What Europeans regulators do not understand is the creative openness of the free market. That in a globalized world of Facebook-using, tech savvy young people, the market acts as a check on anything “unfair” Microsoft may be doing. But the nanny-state that is the European Union treats consumers as if they were helpless children in need of arrogant, unaccountable officials in Brussels to guide them. What unnerving nonsense! If Microsoft were to prohibit other browsers from working on Windows, that would be unfair for it would kill the competition. But it is not. All it is doing is offering its browser pre-installed, which if anything is helpful because many older people would otherwise have trouble installing a browser on their own.
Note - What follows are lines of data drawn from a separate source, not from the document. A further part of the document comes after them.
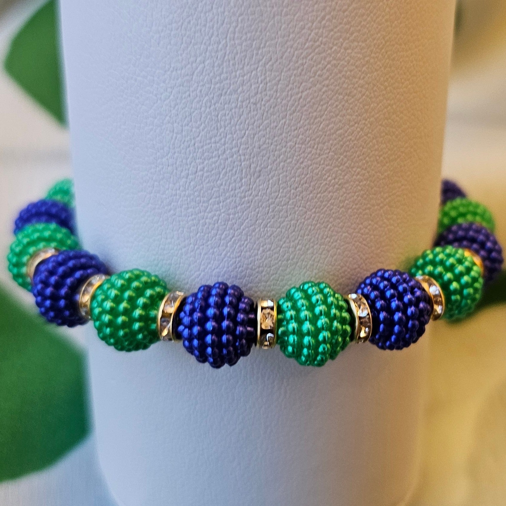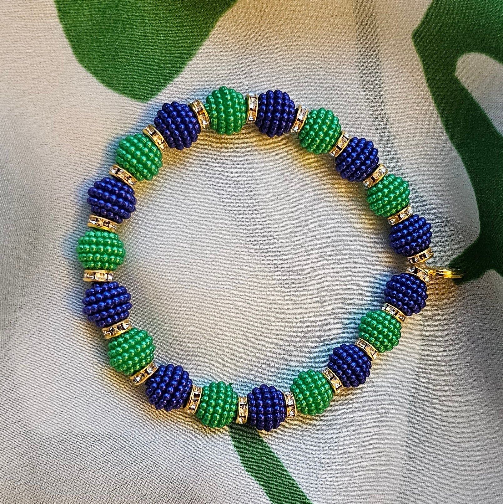 Håndlaget armbånd med elastisk strikk. Laget av bjørnebærformede akrylperler og akrylkrystal rhinestoneperler. Armbåndet kan bestilles i str. xs - xl (15 cm-19 cm).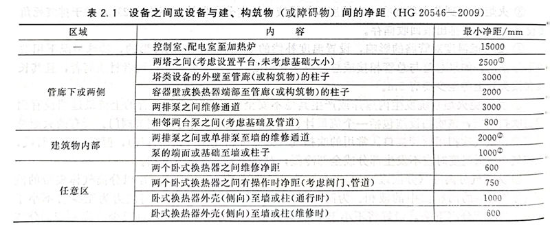 設備之間或設備建、構筑物(或障礙物)間的凈距見表2.1。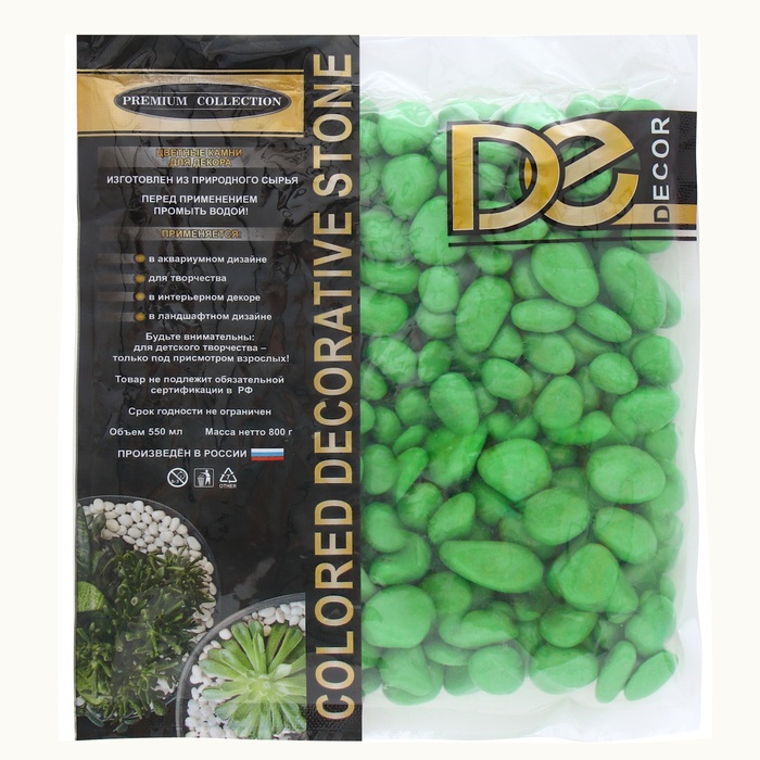 Грунт для аквариума DECOR DE «Галька цветная», фр. 8-12 мм, салатовая, 800 г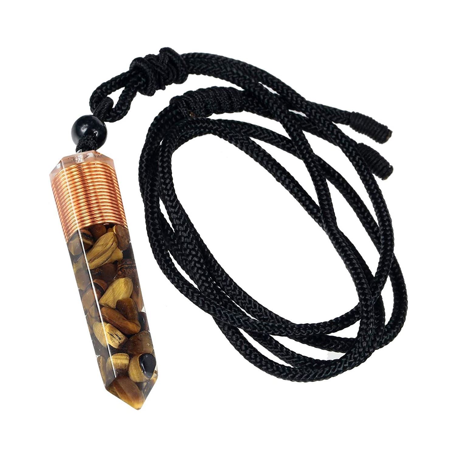 Tiger Eye Orgonite Necklaces are excellent for meditation and spiritual awareness. Coating the orgone pendant with tiger’s eye quartz enhances the healing properties of the orgonite pendant by amplifying spiritual energies, including crystals and gemstones, to assist in drawing off negative energies from your chakras.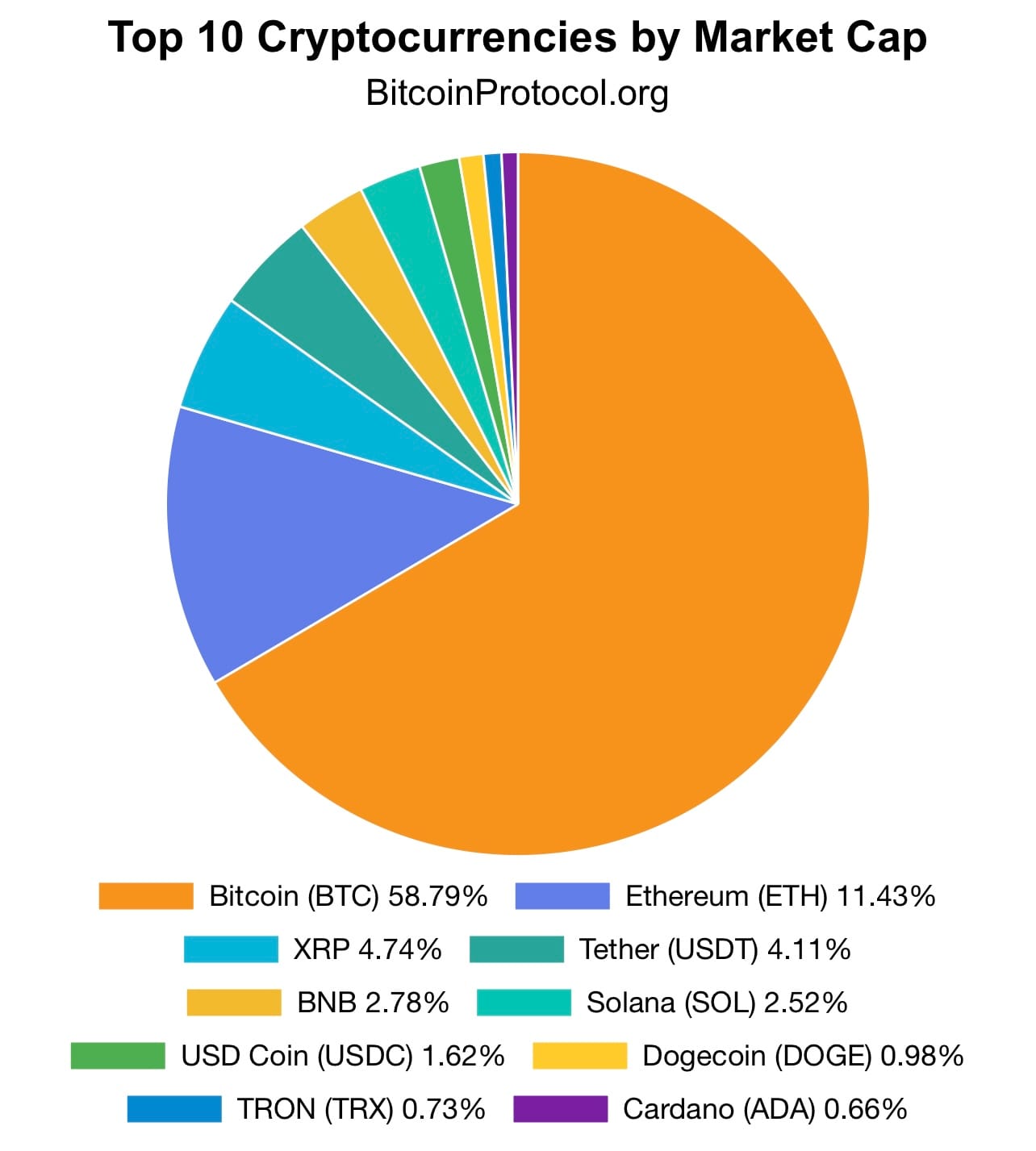 The top 10 cryptocurrencies by market cap further illustrate Bitcoin’s lead, with Ethereum holding a distant second place at 11.43%. Following Ethereum are XRP at 4.74%, Tether at 4.11%, BNB at 2.78%, Solana at 2.52%, USD Coin at 1.62%, Dogecoin at 0.98%, TRON at 0.73%, and Cardano at 0.66%.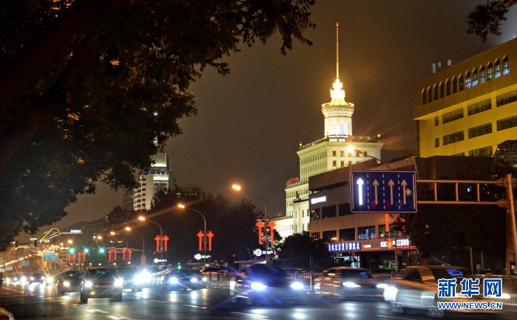彩燈裝扮的北京市復(fù)興路(6月28日攝)。

It is hard to argue that Microsoft has an unfair advantage when it has been losing market share to new browsers such as Apple’s Safari, Google’s Chrome and Firefox [which I am using now].
Microsoft, fearful of paying billions more to European Union regulators whom seem to be concerned more with filling the coffers of the EU by going after an American giant [to pay for farm subsidizes; a study found that Microsoft fines were once used to do just that] than any notion of fair regulation, has caved in. It has told the EU that it will sell Windows without the pre-installed IE browser. You’d think this would solve the matter since that’s what the entire dispute has been about.
Alas, there is no pleasing the EU since the commission has rejected the offer in its grotesque determination to see more money coerced from Microsoft.